This was what I wanted.
Theo reached for my hand. I gave it to him. Our fingers locked together. His palm was soft, warm. Silence returned, broken by the sounds of the city that drifted upward toward the starless sky.
That was it. The Nevermore saga was over, the blackmail ring dismantled. It may not have been done in exactly the right way, but at least I hadn’t failed. Did it really matter how one reached the finish line so long as they crossed it?
Maybe. But it wasn’t my place to figure that out.
“Come,” Theo said, his hand squeezing mine. “Let’s go inside. I’ll draw a bath. We can soak. Relax. Get rid of tonight.”
I smiled, an action that felt odd to perform. As if my facial muscles had forgotten how to curve my lips. “That sounds good.” Before Theo went inside, I leaned in. I kissed him. Hard. He encased my face with his hands, his tongue finding mine. I pressed my body against his. I could taste the tequila, taste the relief, the connection, the bond.
I wrapped my arms around his waist, drawing him in. This was all I wanted. How could I ever let this go?
Theo had the potential to destroy me; instead, he healed me. I trusted him in ways that didn’t make any sense.
“How do I know I can trust you?” I rested my forehead against his and shut my eyes.
“Because I’ve never lied to you. Because, regardless of how fucked-up my actions have been, I never once wanted to hurt you. I’ve fallen irrevocably in love with you. A love I never even realized existed. I want to protect it—you—at all costs. It’s why I rushed to Marielle’s to save you. It’s why I was ready to give myself up to my father so you could escape. I just want you protected, happy. You can trust me.”

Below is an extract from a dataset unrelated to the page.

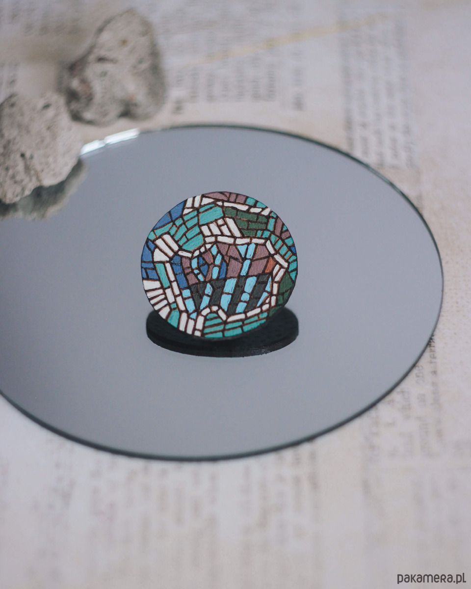 Ręcznie wypalany i malowany pin ze skóry naturalnej z drugiego obiegu.

I opened my eyes. “How did you know I was at Marielle’s anyway?”
Theo blinked. He turned toward the city. “I had Find My Friends active on your phone. I used that to find you.”
“Shit… so you were tracking me?”
Theo wrung his hands. He squeezed his elbow. “It was to keep you safe. But I understand how it looks. I’ve deactivated it on my end, and you can turn it off, too. I should have asked you. I should have. But that mistake was what helped me save your life.”
I rubbed my face. Sighed. Fucking hell. Why did I still believe him? “Is there anything else you want to come clean about? ”
Theo paused. I could see him biting on his lower lip. My heart dropped.
“Yes… early on, when I was talking to you, I was also… I snuck into the office building next door to you, and I watched you. From the window. I can’t hide that from you. I can’t hide anything from you.”
I took a few steps backward. I was speechless.
“I’m telling you this so that you can see that you can trust me, Jace. I’m committed to being a better person, and I want you to witness that transformation. I want to do it for you.”
“You have to do it for yourself.”
“Jace…”
“You stalked me.”
“I—I’m sorry.”
“Fuck, man. What the fuck?”
“I don’t have an excuse for my behavior except that I’d become infatuated by you. I’m sorry. I’m so sorry.” He was close to tears. His voice trembled.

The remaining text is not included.